I have learned you can buy Glyptal paint and paint nearly everything inside to keep from arcing over. Might do that in Assault&Battery. My Lenco is shipping out on Monday, going to see what stock motors and 1.56 first gear do. I am also a netgain dealer if anyone needs one cheap(we will not be undersold).


----------



## Dustin_mud (May 22, 2012)

Very cool, let us know how it goes. We may need to have a little meet up after I get mine going, speaking of I'm sure I'll be getting ahold of you when I need to order my motor.


----------



## Dustin_mud (May 22, 2012)

I'm shooting for the 9s with a single motor so I'm sure your new car will blow my doors off.

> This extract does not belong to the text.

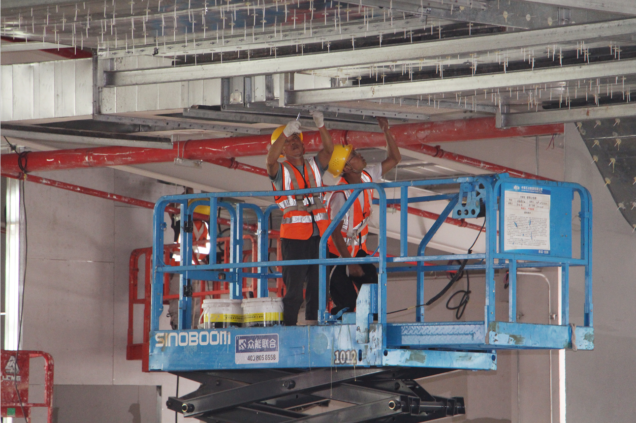 以日为计,分秒必争。整个施工现场,300名施工人员正有条不地忙着室内装饰装修、机电安装和幕墙安装。目前,整个项目已完成80%

But it would be fun to race with another Texan


----------



## Dustin_mud (May 22, 2012)

Is there any controllers around the 3k amps that dont run 9 grand? Lol


----------



## onegreenev (May 18, 2012)

Dustin_mud said:


> Is there any controllers around the 3k amps that dont run 9 grand? Lol


NOPE. Sorry but if you want that kind of power you will either pay or build your own.


----------



## Bowser330 (Jun 15, 2008)

Dustin_mud said:


> Is there any controllers around the 3k amps that dont run 9 grand? Lol


At that point dual motors make a lot more sense......


----------



## Dustin_mud (May 22, 2012)

Yeah I hear you on that, just seems like no one has pushed the 11 real hard yet


----------



## DIYguy (Sep 18, 2008)

John Metric said:


> I have learned you can buy Glyptal paint and paint nearly everything inside to keep from arcing over.

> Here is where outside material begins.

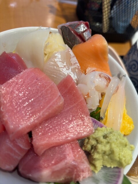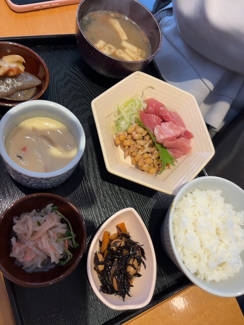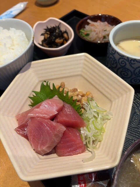 早速ミニ海鮮丼と今日のおかず、朝定期焼魚、鮪納豆定食を注文。

Yep. Here are a couple that I have done. Make sure you don't get any inside the brush holders . . and remove the brushes as well as mask off connection points. Coating the brush gear and having a good blower to help get rid of the brush dust (in addition to cooling) is most helpful to prevent flashovers.

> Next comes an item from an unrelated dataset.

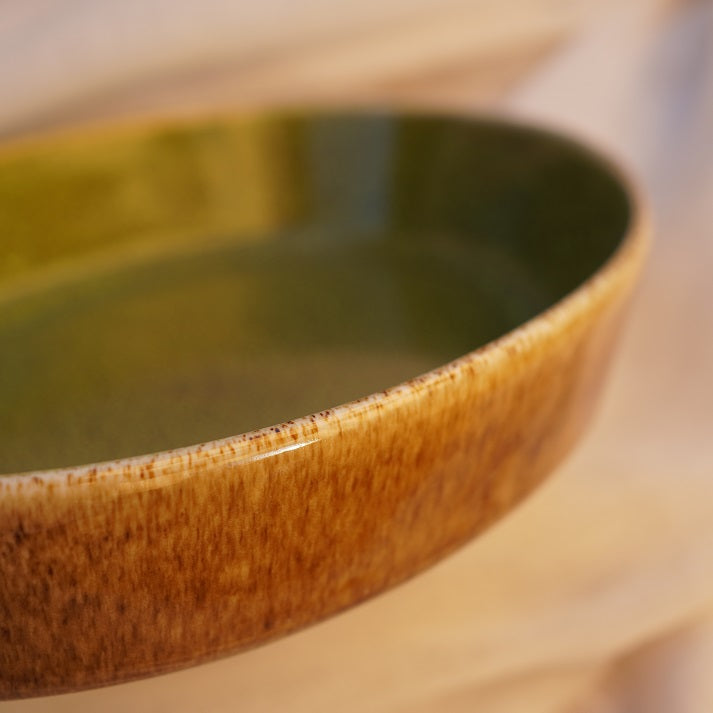 A handcrafted stoneware baking dish featuring an earthy brown exterior and a rich olive-green glazed interior. Its artisanal texture brings nature to your table ideal for oven-to-table serving of lasagna, baked pasta, vegetables, and family favorites.

You can coat the armature also (minus the comm), but make sure you don't insulate between the case and the pole shoes. I use a high temp paint on the frame.


----------



## Dustin_mud (May 22, 2012)

That's a pretty cool idea! But yeah I think I would be fun to have a car in the 9s with a single motor.


----------



## DIYguy (Sep 18, 2008)

Dustin_mud said:


> That's a pretty cool idea! But yeah I think I would be fun to have a car in the 9s with a single motor.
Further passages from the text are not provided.